SANAT, LEFKOŞA ve GİRNE'YE YAYILDI!
SANAT, LEFKOŞA ve GİRNE'YE YAYILDI!
ARUCAD MEZUNLARININ SERGİLERİYLE SANAT, LEFKOŞA ve GİRNE'YE YAYILDI!
ARUCAD MEZUNLARININ SERGİLERİYLE SANAT, LEFKOŞA ve GİRNE'YE YAYILDI!
Arkın Yaratıcı Sanatlar ve Tasarım Üniversitesi (ARUCAD) 2024–2025 Akademik Yılı Bahar Dönemi mezunlarının mezuniyet sergileri, Lefkoşa ve Girne'de sanatseverlerle buluştu. Plastik Sanatlar ve Seramik bölümünün mezuniyet kutlamaları kapsamında hazırladıkları sergiler, hem tematik çeşitlilik hem de farklı mekânlara terapiyle dikkat çekildi.
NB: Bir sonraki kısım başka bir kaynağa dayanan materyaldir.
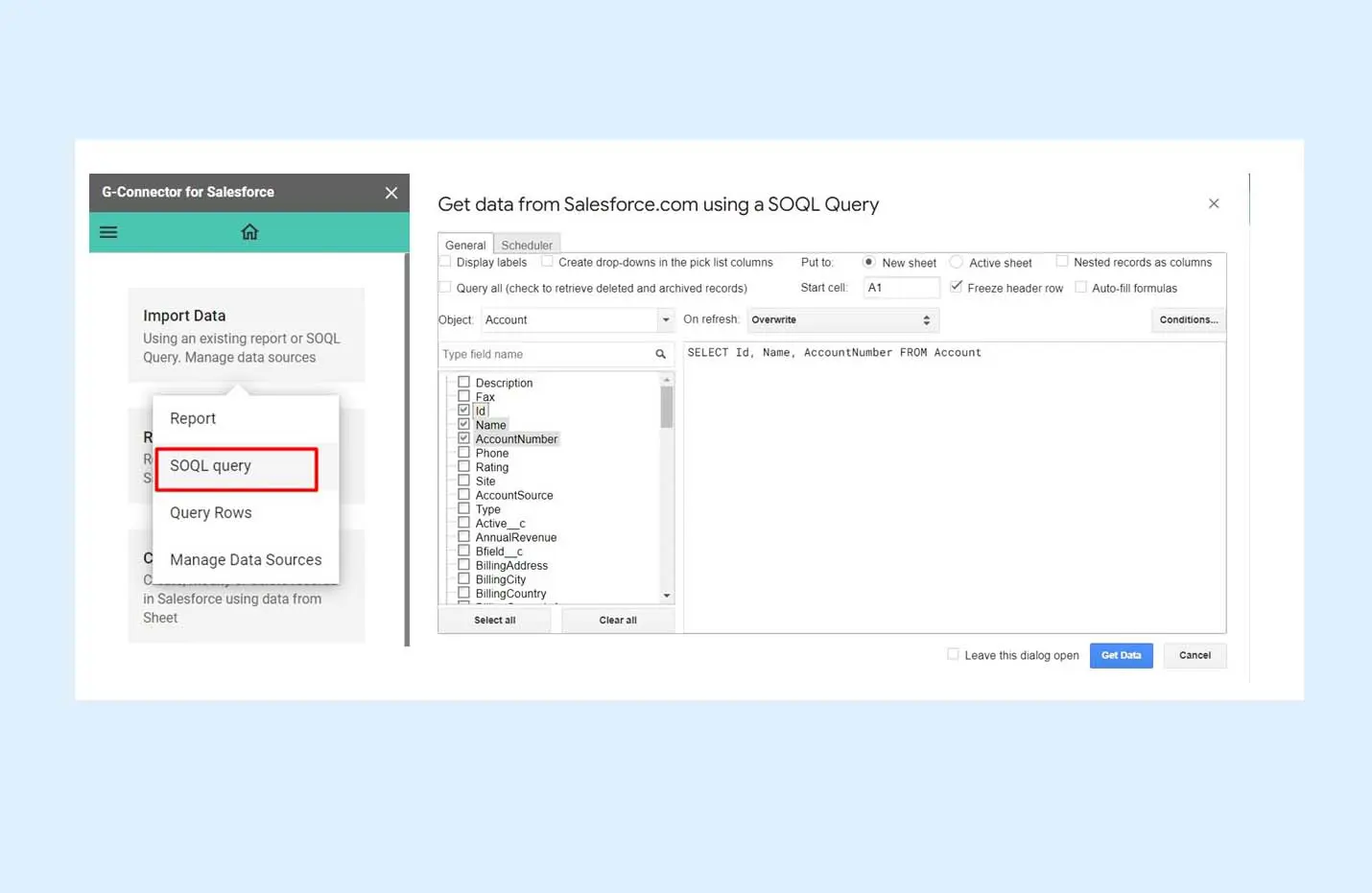 Google Data Connector for Salesforceallows users to pull data from Salesforce into Google Sheets using Salesforce Object Query Language (SOQL) queries. This functionality enables users to extract specific data sets by crafting precise queries, filtering, sorting, and aggregating data based on various criteria. By importing the queried data directly into Google Sheets, users can manipulate, visualize, and analyze the information in a familiar environment. This capability streamlines data management by reducing manual data transfers and enabling real-time data updates, which is particularly beneficial for dynamic and complex data analysis and reporting.
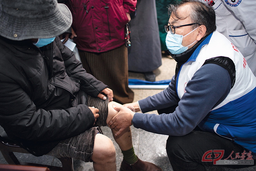 北京市第六人民医院孙祯杰医生为一当地患者诊断腿部情况。不久前,他刚刚荣获了“全国学雷锋最美志愿者”称号。
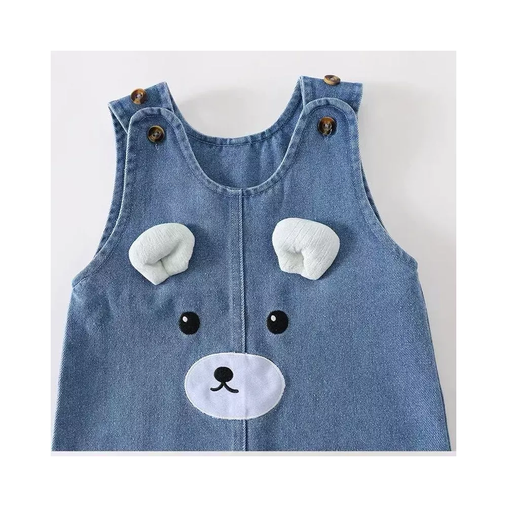 Uroczy jeansowy rampers z motywem misia, idealny dla dzieci od 6 miesięcy do 3 lat – wygoda, styl i słodki design w jednym.

Girne Halk Kütüphanesi, Art Space, The Old Grapevine Restaurant, Sevda Orr Studio, Vehit Güney Sanat Merkezi, Atölye 5|2, Studio 12 ve E'vivian Boutique gibi mekanlarda gerçekleşen sergiler, ünlülerin bireysel üretimlerini izleyiciyle buluşturdu.
Emre Can Kaya'nın “ Gerçekliğin Çarpıtılması” başlıklı sergisi, tanıtıcı imgeleri dönüştürerek izleyiciyi algılama ve anlam arasındaki kapsamlı alana dolaşmaya davet etti. Olga Bayram'ın “ Gizli Katmanlar” sergisi zaman zaman, hafıza ve kimlik temalarını katlananlarla işlerken, onun eser izleyicisinin içsel bir kitabı ortaya çıktı.
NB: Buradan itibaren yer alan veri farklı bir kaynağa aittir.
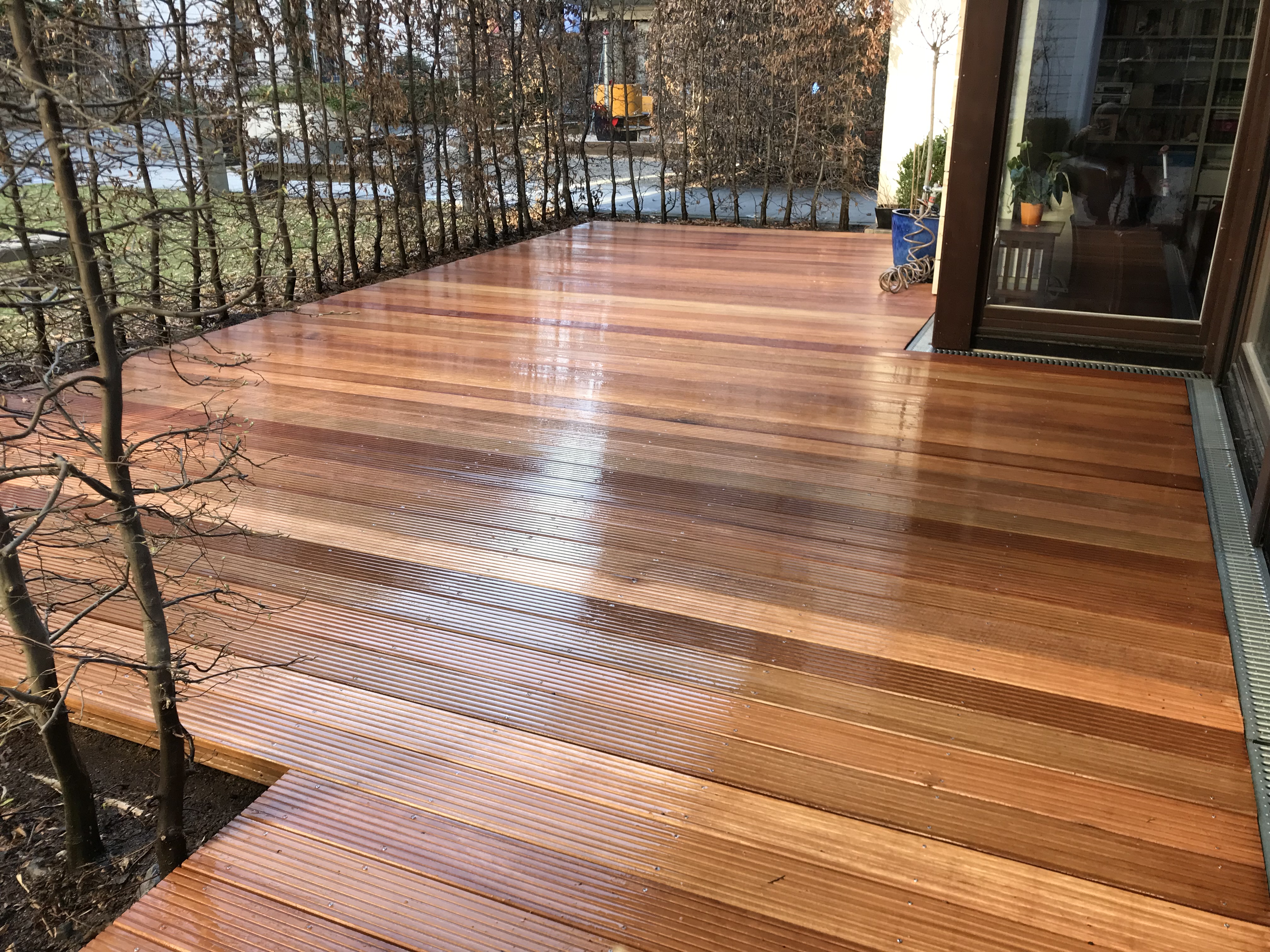Wenn Sie auf Ihrer Terrasse gern einen Holzfußboden hätten, beraten wir Sie gern bei der Auswahl der geeigneten Holzart. Vielleicht haben Sie Ihr Lieblingsholz aber auch schon gefunden und benötigen nur noch einen Fachmann, der den Boden für Sie verlegt. Bei der Verarbeitung von Holz sind grundlegende Kenntnisse der verschiedenen Holzarten wichtig, damit sich der Boden später nicht verzieht oder gar Risse bekommt. Darüber hinaus benötigen einige Hölzer einen Schutzanstrich, andere können dagegen auch naturbelassen verbaut werden. Wir haben bereits viel Erfahrung im Bau von Holzterrassen und wissen daher, worauf wir zu achten haben, damit Sie lange Freude an Ihrer Terrasse haben. Darüber hinaus geben wir Ihnen Tipps für die weitere Pflege und die richtige Reinigung Ihres neuen Fußbodens.
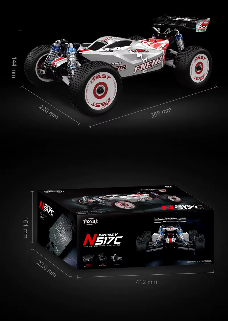 Masina cu telecomanda profesionala pentru curse, Hoshi N517C 4WD este un model de mare viteza conceput pentru performanta si control precis pe teren off-road. Cu un design robust si componente de nivel avansat, este ideala pentru utilizatorii care vor o experienta realista de curse RC.

Nevin Ersoy'un “ Desenler” başlıklı sergisi, pastel ve neon renklerin dolaşıklıkları ile şekillenen figüratif kapsamlar aracılığıyla toplumdaki üstlenilen rolleri, ülkelerdeki dinamikleri ve bireysel kalıplarla birlikte kurulduğu sorguladı. Çiğde Kahvecioğlu'nun “ Birthcry” adlı sergisi, sanatçının kişiliği üzerinden duygu durumu, benlik ve yenilikçiliği sorgularken, bilinçaltıyla bağlantılı bastırılmış duygular soyut biçimde yansıttı. Nina Nazarova'nın zaman kontrol etme çabasının yanıltıcılığına dikkat çeken “Your Life Calendar” sergisi, izleyicilerinin yaşadığı geçici farkı ve varoluşu gerçekten yaşama üzerine düşündürdü.
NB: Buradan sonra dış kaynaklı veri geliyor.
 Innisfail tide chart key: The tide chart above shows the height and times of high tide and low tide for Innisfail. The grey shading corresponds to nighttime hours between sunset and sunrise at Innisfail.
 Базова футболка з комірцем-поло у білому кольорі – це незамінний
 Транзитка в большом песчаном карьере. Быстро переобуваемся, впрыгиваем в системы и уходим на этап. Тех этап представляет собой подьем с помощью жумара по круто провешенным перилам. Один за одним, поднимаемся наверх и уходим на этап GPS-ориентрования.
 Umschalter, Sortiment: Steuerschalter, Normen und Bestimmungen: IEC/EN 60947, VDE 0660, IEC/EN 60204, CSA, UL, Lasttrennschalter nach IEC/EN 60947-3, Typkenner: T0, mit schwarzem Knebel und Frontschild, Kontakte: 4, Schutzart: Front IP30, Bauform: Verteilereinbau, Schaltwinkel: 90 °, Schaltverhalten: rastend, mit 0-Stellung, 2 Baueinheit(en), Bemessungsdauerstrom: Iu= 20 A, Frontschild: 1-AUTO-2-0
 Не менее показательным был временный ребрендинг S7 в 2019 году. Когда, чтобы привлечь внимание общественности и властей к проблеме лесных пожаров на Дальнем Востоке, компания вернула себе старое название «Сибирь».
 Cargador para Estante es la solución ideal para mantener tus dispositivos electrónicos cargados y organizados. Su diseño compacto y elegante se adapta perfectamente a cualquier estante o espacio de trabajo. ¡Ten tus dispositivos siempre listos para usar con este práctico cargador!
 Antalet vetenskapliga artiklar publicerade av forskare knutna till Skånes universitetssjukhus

Elif Aksoy'un “ Mask Off” sergisi, içsel benlik ile sosyal kimlikarasında kurulan köprüyü maskeler ve otoportreler aracılığıyla ele geçirildi. Hasan Kayıplar'ın “ Eriyen Sınırlar: Anıların ve Göçün Çarpıştığı Yer” isimli sergisi, göçün bireysel ve kolektif hafızadaki varlıkları sorgulayarak hafızayı, yardımlaşmayı ve varlığın eriyen sınırlarını kıldı.
Melisa Kızılkanat'ın psikoz deneyiminin yaratıcı bir gerçeklik biçimi olarak ele aldığı sergisi “Evasion” , algının ve benliğin çözülmeye başladığı bu zihinsel alanda, izleyiciyi hem teorik hem de kendi gölgelerine bakmaya davet etti. İnci Tanem Erdem ' Silhouette ' isimli sergisinde ise hafızanın kırılganlığını, zamanında silinmeye yüz tutmuş ama içimizde yaşamaya devam eden anıları görünmeye çalıştı.
Bahar Küçüksu'nun “ Nuans” sergisi, bireyler arasındaki farklılıklar ve toplumsal benzerlikleri ortaya koymayı, seramik formlarla insan tarafından bilinena dışarıdan bakmayı önerdi. Kirsten Andres Köksal'ın “ Lady Lapiti'nin Escapist Dreamworld” adlı sergisi ise düşsel anlatılar ve karakterlerle örülü, kaçışa açık bir dünya sundu.
Yorumunuz başarıyla alındı, inceleme ardından en kısa sürede yayına alınacaktır.